YOUR GOAL: Aim for an exact copy of the listing, without any images.

DATA SEGMENT:
════════════════

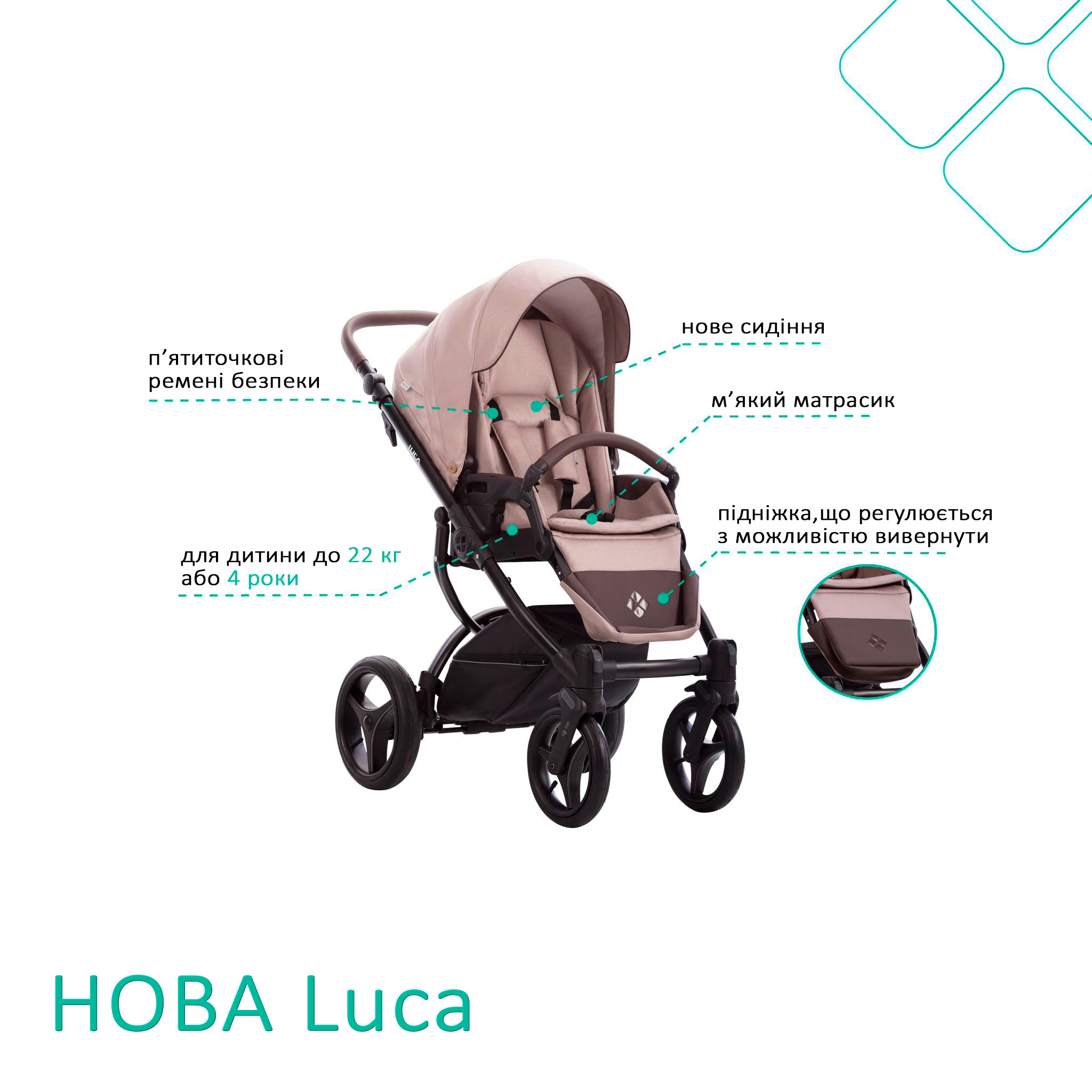 - Матеріал для оббивки коляски виготовляється c технологією UV50 + для захисту від УФ-випромінювання
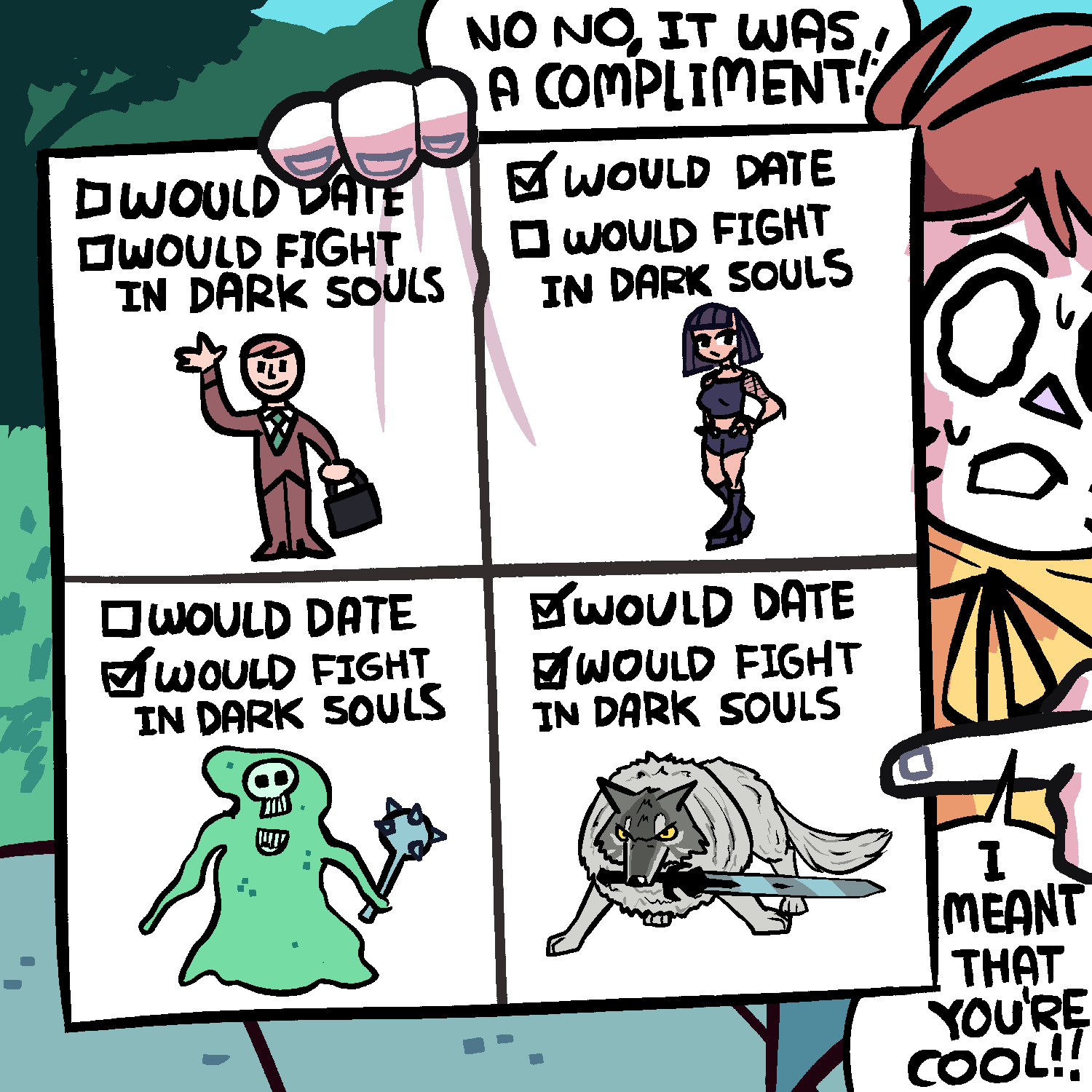 >>729726598Today i will remind them>Her: "oh...OH MY GOD... ARE YOU THE BIKE KEK GUY???">Me: "Y-yeah...">Her: "HAHAHAHAHAHAHAHAHAHAHAHAHAHAHA!!!!!">Her: "WAIT, HOLD ON, I GOTTA SHOW MY FRIENDS THIS.">She asked the people at the table behind us if she could borrow one of their phones for a second to pull up something on the browser. Then she held their phone somewhat in front of hers and took a photo of me along with it.>I never asked for the photo so here is my approximate recreation of what I think it looked like: *pic related*>She was busy texting seemingly all of her friends as we finished our meals and stood up, when I decided to pipe up again.>Me: "Um, y-you know wh-what would make the happiness in the world increase...">She looked up from her phone with a sly smile.>Her: "What?">Me: "I-if...if we k-- um, kissed...">Her amused smile slowly descended into an absolutely indiscernible neutral expression.>then, after a pause>it rose again into a smile>Her: "You... are so cute. Close your eyes. I have a surprise for you.">I closed my eyes tight, and gently puckered my lips, bracing for a kiss.>Then she slapped my ass so hard that there is still a palm print on it.https://www.tumblr.com/shencomix/771982490562871296/i-went-on-a-date-today-and-she-found-out-i-made
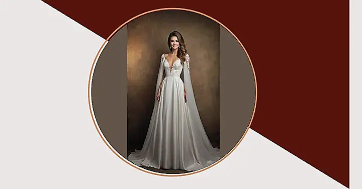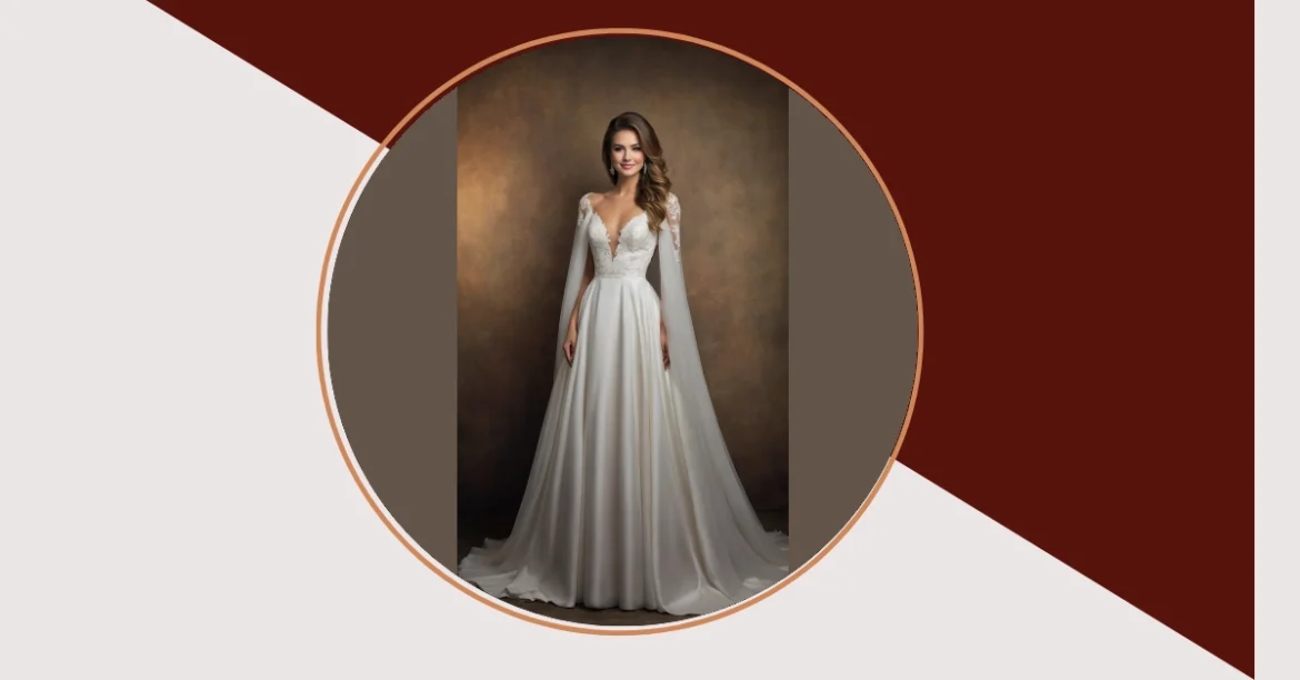 The woman in the picture looks absolutely ready to conquer the wedding aisle, doesn’t she? Her dress is seriously giving off “goddess vibes” with that elegant lace bodice and those flowy, cape-like sleeves that make you think she might just float down the aisle. You can just tell this gown isn’t just pretty; it’s got that secret power structure underneath, probably a fantastic corset working hard to give her that perfectly snatched silhouette. It’s like having a built-in superhero suit that makes sure everything stays perfectly in place while she’s busy shining brighter than the disco ball at prom.

════════════════

WRITTEN ANSWER:
 - Матеріал для оббивки коляски виготовляється c технологією UV50 + для захисту від УФ-випромінювання
 >>729726598Today i will remind them>Her: "oh...OH MY GOD... ARE YOU THE BIKE KEK GUY???">Me: "Y-yeah...">Her: "HAHAHAHAHAHAHAHAHAHAHAHAHAHAHA!!!!!">Her: "WAIT, HOLD ON, I GOTTA SHOW MY FRIENDS THIS.">She asked the people at the table behind us if she could borrow one of their phones for a second to pull up something on the browser. Then she held their phone somewhat in front of hers and took a photo of me along with it.>I never asked for the photo so here is my approximate recreation of what I think it looked like: *pic related*>She was busy texting seemingly all of her friends as we finished our meals and stood up, when I decided to pipe up again.>Me: "Um, y-you know wh-what would make the happiness in the world increase...">She looked up from her phone with a sly smile.>Her: "What?">Me: "I-if...if we k-- um, kissed...">Her amused smile slowly descended into an absolutely indiscernible neutral expression.>then, after a pause>it rose again into a smile>Her: "You... are so cute. Close your eyes. I have a surprise for you.">I closed my eyes tight, and gently puckered my lips, bracing for a kiss.>Then she slapped my ass so hard that there is still a palm print on it.https://www.tumblr.com/shencomix/771982490562871296/i-went-on-a-date-today-and-she-found-out-i-made
 The woman in the picture looks absolutely ready to conquer the wedding aisle, doesn’t she? Her dress is seriously giving off “goddess vibes” with that elegant lace bodice and those flowy, cape-like sleeves that make you think she might just float down the aisle. You can just tell this gown isn’t just pretty; it’s got that secret power structure underneath, probably a fantastic corset working hard to give her that perfectly snatched silhouette. It’s like having a built-in superhero suit that makes sure everything stays perfectly in place while she’s busy shining brighter than the disco ball at prom.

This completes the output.